А он готов был класть в кружку миллионы – и положил бы, если бы они были у него, и если бы была кружка»10.
Тургенев вспоминает Белинского в Париже, куда он приехал в единственную свою заграничную поездку, уже безнадежно больной.
«Он изнывал за границей от скуки. Его так и тянуло назад, в Россию. Уж очень он был русский человек и вне России замирал, как рыба в воздухе. Помню, в Париже, он в первый раз увидал Площадь Согласия и тотчас спросил у меня: “Не правда ли, ведь это одна из красивейших площадей в мире?”».
На мой утвердительный ответ воскликнул: «Ну и отлично! Так уж я и буду знать, – и в сторону, и баста!» И заговорил о Гоголе11».
За границей не было ни спешной лихорадочной работы, ни кружка пяти-шести близких людей, где он изливал свою душу горячими, лихорадочными, иногда почти горячечными импровизациями и, как о «пленении Вавилонском» говорил он Гончарову о своем пребывании за границей.
Достоевский считает Белинского «самым счастливейшим из людей, благодаря его вере в свою идею». «О, напрасно писали потом, – говорит он в посвященной Белинскому главе “Дневник писателя”, – что Белинский, если бы прожил дольше, примкнул бы к славянофильству.
Никогда бы не кончил он славянофильством. Белинский, может быть, кончил бы эмиграцией, если бы прожил дольше и если бы удалось ему эмигрировать, и скитался бы теперь [это было писано в 1873 году] маленьким и восторженным старичком с прежней теплой верой, не допускающей ни малейших сомнений, где-нибудь по конгрессам Германии или Швейцарии».
Достоевский называет Белинского «самым торопившимся человеком в целой России». «Раз, – вспоминает он, – я встретил его часа в три пополудни у Знаменской церкви. Он сказал мне, что выходил гулять и идет домой.
– Я сюда часто захожу взглянуть, как идет постройка вокзала Николаевской железной дороги (тогда еще строившейся). Хоть тем отведу душу, что постою и посмотрю на работу: наконец-то и у нас будет хоть одна железная дорога. Вы не поверите, как эта мысль облегчала мне иногда сердце.
Это было горячо и хорошо сказано: Белинский никогда не рисовался. Мы пошли вместе.

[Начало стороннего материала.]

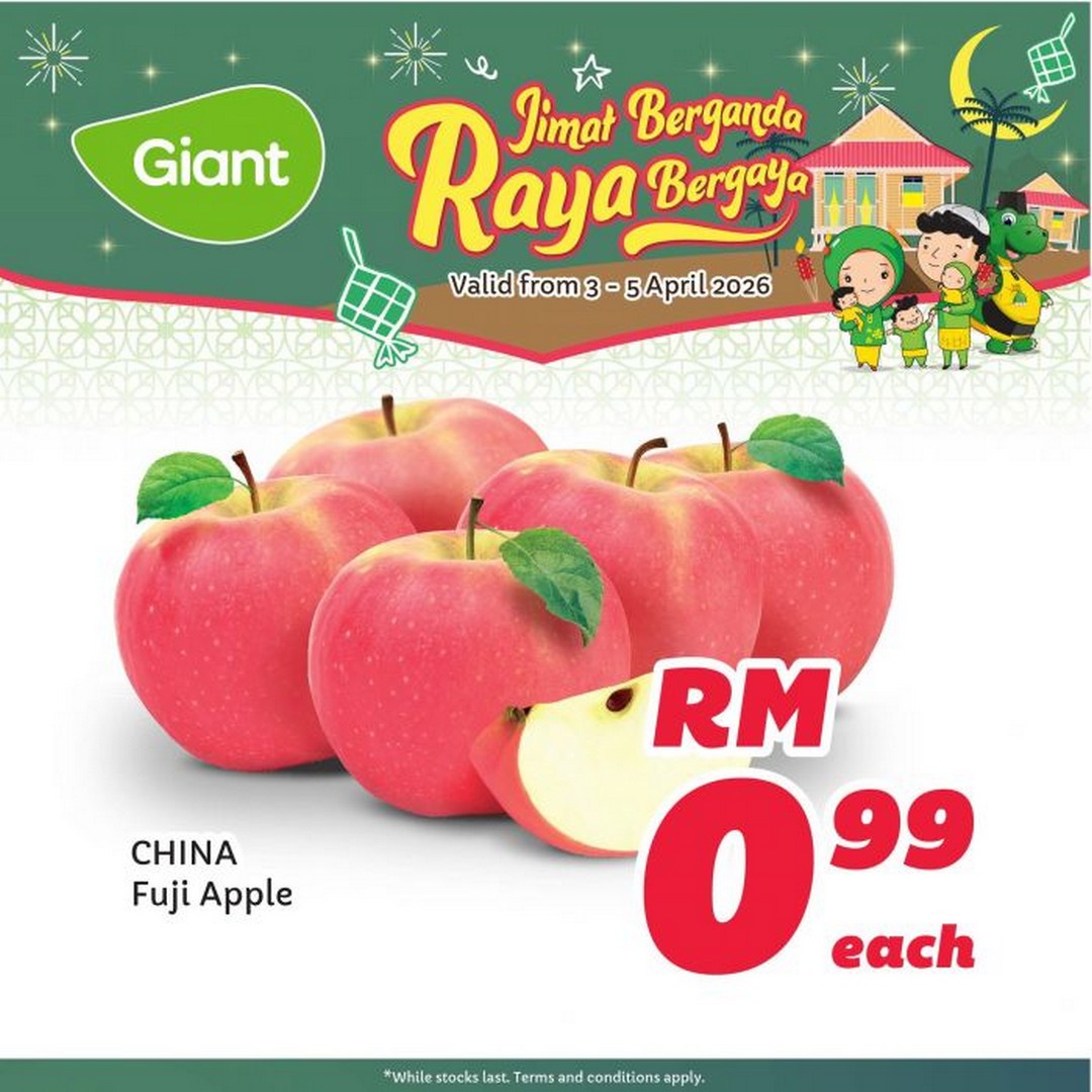 In conclusion, the Giant “Jimat Berganda Raya Bergaya” weekend promotion is a must-visit for anyone looking to prepare for Raya efficiently and economically. With prices as low as RM0.99 for apples and RM29.99 for a 10kg bag of rice, along with significant discounts on meats, frozen foods, and pantry staples, this promotion offers something for every household. Shoppers can enjoy the festive season with well-prepared meals and stocked pantries, all while staying mindful of their budgets.

Он, помню, сказал дорогой:
– Авось, как зароют в могилу (он знал, что у него чахотка), тогда только спохватятся и узнают, кого потеряли»12.
В рассматриваемом сборнике ряд мемуаров о Белинском извлечен из старых журналов и давно забытых изданий. В этой части книги ценны, например, рассказы о детских годах Белинского, опровергающие ходячие представления о крайней нужде, в которой рос Белинский.
В действительности, семья его (отец В. Г. был уездным лекарем) пользовалась средним провинциальным достатком того времени.
Любопытны воспоминания Н. Аргиландера и Н. Прозорова, учившихся в московском университете с Белинским. Они дают интересные подробности увольнения из университета будущего знаменитого критика.
Белинский написал трагедию «Владимир и Ольга» и представил ее на рассмотрение в цензурный комитет, куда входили и профессора университета. Через несколько дней его вызвали в заседание комитета.
«Спустя не более получаса времени, – вспоминает Н. Аргиландер, живший с Белинским, – он вернулся бледный, как полотно, бросился на кровать и от него можно было добиться лишь одного слова “пропал, пропал!”»13.